There are enough uses of java.util.concurrent that serious bugs like this
should have been reported elsewhere... still a deep mystery.
The presence of a security manager while running an applet shouldn't matter,
should it?
Posted Date : 2007-11-10 00:02:00.0
I followed the path of investigation proposed by Ken,
and it indeed proved fruitful.
Here's what's going on:
AWT tries to shutdown an applet thread group,
eventually calling Thread.stop and causing ThreadDeath to be thrown
in each blocked applet thread, with this stack trace:
java.lang.ThreadDeath
at java.lang.Thread.stop(Thread.java:770)
at java.lang.ThreadGroup.stopOrSuspend(ThreadGroup.java:687)
at java.lang.ThreadGroup.stop(ThreadGroup.java:601)
at sun.awt.AppContext.dispose(AppContext.java:456)
at sun.applet.AppletClassLoader.release(AppletClassLoader.java:756)
at sun.plugin.security.PluginClassLoader.release(PluginClassLoader.java:439)
at sun.applet.AppletPanel.release(AppletPanel.java:204)
at sun.applet.AppletPanel.sendEvent(AppletPanel.java:302)
at sun.plugin.AppletViewer.onPrivateClose(AppletViewer.java:1071)
at sun.plugin.AppletViewer$3.run(AppletViewer.java:1020)
at java.lang.Thread.run(Thread.java:674)
The thread receiving ThreadDeath is blocked in LinkedBlockingQueue.take().
More specifically, looking at the body of LinkedBlockingQueue.take():
it acquired LinkedBlockingQueue.takeLock,
then waits on a condition for takeLock, which causes the lock to be released,
then a ThreadDeath is magically thrown, which naturally leads to
the lock not being reacquired, but the finally clause tries to unlock the
already unlocked lock, leading to IllegalMonitorStateException.
import java.util.concurrent.*;
As in this reduced test:
public class Bug {
public static void main(String[] args) throws Throwable {
final BlockingQueue q = new LinkedBlockingQueue();
Thread thread = new Thread() {public void run() {
try { q.take(); }
catch (Throwable t) {
Thread.interrupted();
t.printStackTrace();
}}};
thread.start();
Thread.sleep(1000);
thread.stop();
thread.join();
}
}
Should code in java.util.concurrent try to protect against ThreadDeath?
Probably not.
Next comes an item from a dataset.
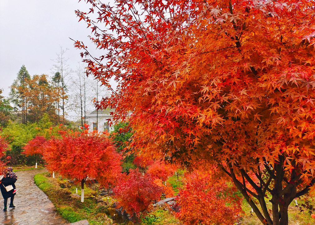 满山的红叶映入眼帘,红叶婆娑,让人眼花缭乱,目不暇接,吸引了不少游客驻足观赏,尽享初冬惬意生活。

ThreadDeath can occur ANYWHERE. Explained further here:
http://java.sun.com/javase/6/docs/technotes/guides/concurrency/threadPrimitiveDeprecation.html
So this seems like a problem in the applet code in classes_awt.
I don't have a good solution. It seems like a very hard problem.
But setting an UncaughtExceptionHandler for the
threads in question is worth investigating, although this might
help to sweep problems deeper under the rug.
Redispatching to classes_awt.
Posted Date : 2007-11-10 07:59:34.0
The AppContext shutdown sequence first calls Thread.interrupt() on all threads running in that AppContext. Only if threads fail to respond to the interrupt in a timely fashion does the AppContext disposal code use Thread.stop(), which is the only "heavy hammer" available in the current Java platform for stopping threads (and even it is not guaranteed reliable).
One outstanding question is why the ThreadPoolExecutor does not respond to calls to interrupt(). This might be an application issue (where the Iris app does not properly shut down certain of its background ThreadPoolExecutors), but at least one occurrence of this exception, related to the termination of the per-AppContext Swing Timer thread, has no workaround at the application level.
As a related aside, the specification of Lock.lock() is problematic. Lock.lockInterruptibly() is probably the only variant that should ever have been specified.
More investigation is needed at the java.util.concurrent and ThreadPoolExecutor level to see what is needed in the face of AppContext termination. This should not simply be recategorized as an AWT bug.
Posted Date : 2007-11-12 20:09:48.0
A thread pool must be shutdown to allow its threads to properly terminate.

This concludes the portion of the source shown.